Bolesław Drapella. Fot. Wojciech Gardaś

I adhere to the principle that it’s better to ask for forgiveness than consent – says Bolesław Drapella, an innovator and pioneer in mobile solutions for the real estate industry in Poland, the founder and former CEO of the Morizon Group, and owner of the online service RoomAuction.com.

He enjoys challenges, and his professional life has been a continuing success story. He treats the few failures he has had as valuable lessons. To start up his own first online service, Room-Auction.com, he left Poland for two years and found employment in a hotel in the UK, getting to know the hotel industry from the bottom up. He began the service for booking hotel rooms back in 2003. But he "drifted" in the virtual world for a decade before taking off with a new formula. Along the way, Drapella set up other web projects, mainly on the borderline between e-commerce and the real estate industry, including Morizon. He currently runs three businesses – the above mentioned RoomAuction.com, Recamp and AirHelp. The latter is real dynamite.

From zero to the stock exchange

A good example of Drapella’s effectiveness in developing businesses is Morizon. When he took over the company six years ago, it had three employees, and revenues amounting to just 4 thousand zloties a month. When in the autumn of 2014, he handed the company over to his successors, it employed 70 people, revenues had reached 14 million zloties a year, and profits were 2.5 million zloties. It had become one of Poland’s top three intermediaries in online sales of real estate. – This has been my biggest success and the biggest challenge in my professional career – admits Drapella.

He recalls that at first it was not easy to break into this market, but pretty soon customers began to support the company so that it was able to buy up other similar websites and create a group. This consolidation of the highly fragmented online property market proved to be the key to success. This was possible thanks to three rounds of financing. The last cash injection of 6 million zloties allowed the company to take over a competitor five times larger. Currently Morizon is preparing to offer shares on the main floor of the Warsaw Stock Exchange with NewConnect. Drapella continues to support the company, but is no longer involved in its operations.

He knows the competition and tries to maintain good relations. He does so by means of the smallest of his businesses – Recamp. Twice a year he organizes meetings of real estate industry employees. Not only developers and brokers, but also ISPs (Internet Service Providers). Some 50 people attended the first conference, while 450 are expected to attend the upcoming sixth meeting – This is the biggest event in the Polish real estate industry – he says. In addition, local barcamp meetings are held in many cities. In the evening, after work, we meet in a pub, where one or two lectures are given, followed by networking. We build cooperation. Our goal is to encourage healthy industry standards, which are good for both customers and the brokers.
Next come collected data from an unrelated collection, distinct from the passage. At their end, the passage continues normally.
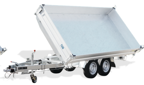
Dreiseitenkipper Typ UDK 3536-14-1750 Stahlboden und Winkelhebelverschlüsse, Elektro-Hydraulik, Nothandpumpe Kastenmaße innen: L/B/H 3660 x 1750 x 350 mm zGG*: 3500 kg Nutzlast: ca. 2630 kg Bereifung: 185 R14C 8PR
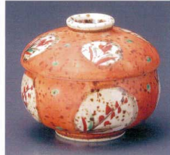
ケ94-12-2 朱巻むさしの丸紋 丸蒸し碗 (φ8.6×7cm) ¥2,650 1430092021
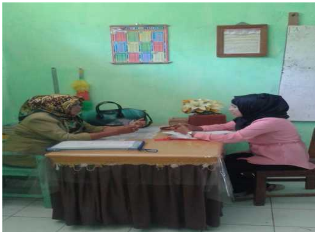
Wawancara dengan Guru Kelas SD Neg. 3 Katobu
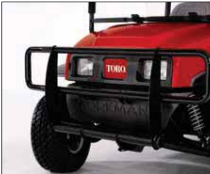
ブラシ・ガード | 07338
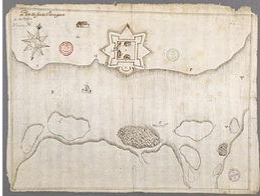
Fort de Pentagouët en 1670

Le petit groupe embarqua à bord d'un sloop jusqu'à Pemaquid. Là, ils embarquèrent dans une innocente barque de pêche. « Ils firent voile jusqu'à la rade de Penobscot et s'arrêtèrent le long d'une île proche de Pentagouet » le 24 octobre 1692.
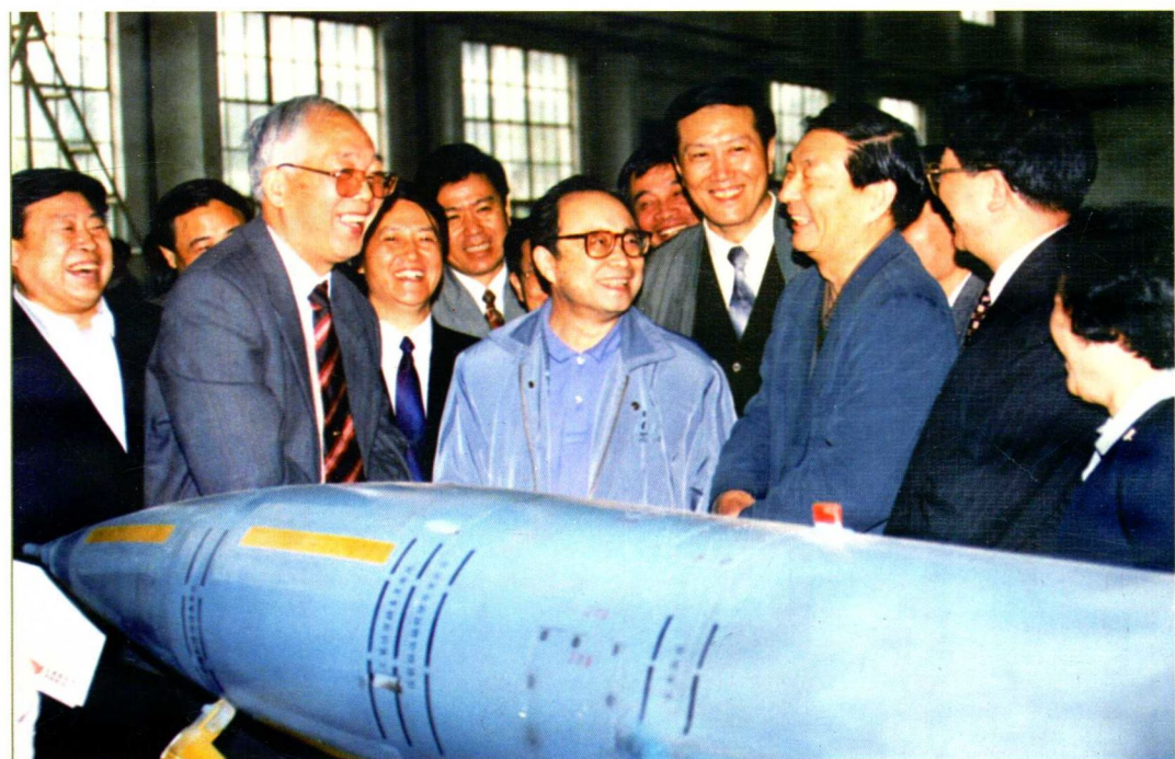
1996年4月26日，中共中央政治局常委、国务院总理朱镕基（前排右三）视察五三一厂工作

Employ people with better knowledge than your own

– For me, a company is a team. It’s people that create it. Basing it on a single pillar in the form of a CEO, and in addition, one with a very strong personality, usually doesn’t work. He will make mistakes that nobody will have the nerve to point out to him – explains Drapella, and stresses that he doesn’t employ people who don’t like challenges and are afraid to make decisions. – Instead of building the company up, contributing to it, they wait for what the CEO will say. And that slows development. In this context, I adhere to the principle that it’s better to ask for forgiveness than consent.

This kind of management gets employees involved, allowing them to feel fulfilled, and it also increases flexibility and speed of operations. This is something Drapella missed when he worked on developing the service Gratka.pl, which he joined in 2007, and where, among other things, he worked on a project closely connected with e-commerce, which proved a flop. – There’s nothing wrong with a "flop" – he claims. – That’s what start-ups are all about, trying to look for new ways all the time. What is wrong lies elsewhere, in too elaborate and cumbersome a company structure, which does not allow for quick decisions about adapting a project or giving up on it.

He admits that the "gratka" stores didn’t make much sense, and that mostly this was down to his own erroneous assumptions. But then, the only person who makes no mistakes is the one who does nothing. – Unfortunately, knowledge only comes with experience, with the implementation of new projects – he says.

He employs those with more know-how than himself. – I expect them to tell me how to run a project, especially in the areas in which they are involved – he explains and adds that he is most impressed by the work culture seen in international start-ups – for him, the greatest value in business is a willingness to cooperate.

The terror of the airlines

This work culture is to be found in AirHelp, the largest of the businesses run by Drapella. It employs 200 people in 20 countries, with an operations centre in Gdansk. This business venture was established three years ago, and is already the world's largest company dedicated to recovering compensation from the airlines on behalf of passengers – due for instance to cancelled or delayed flights or refused boarding of aircraft. AirHelp has had two rounds of financing. It has received support amounting to 9 million dollars from the American fund Y Combinator.

So far it has handled approximately 450 thousand customers. The basis of its activities are the EU rules governing the rights and obligations of airlines to passengers. The market is enormous, because airlines fail to pay approximately $ 3.2 billion of due compensation a year.

– Although the rules go back as far as 2004, no one ever before managed to form a business out of this – says Drapella. Since entering the market, AirHelp has continually grown by several percent a month. The key to success is a no win – no fee business model, in other words the earning of commission from compensation actually received, cooperation with the Internet services selling tickets and a powerful database on weather and flights. – The commission is 25 percent of the amount obtained if the customer contacts himself, or 35 per cent, if a case comes to us through our partner as an intermediary – specifies Drapella.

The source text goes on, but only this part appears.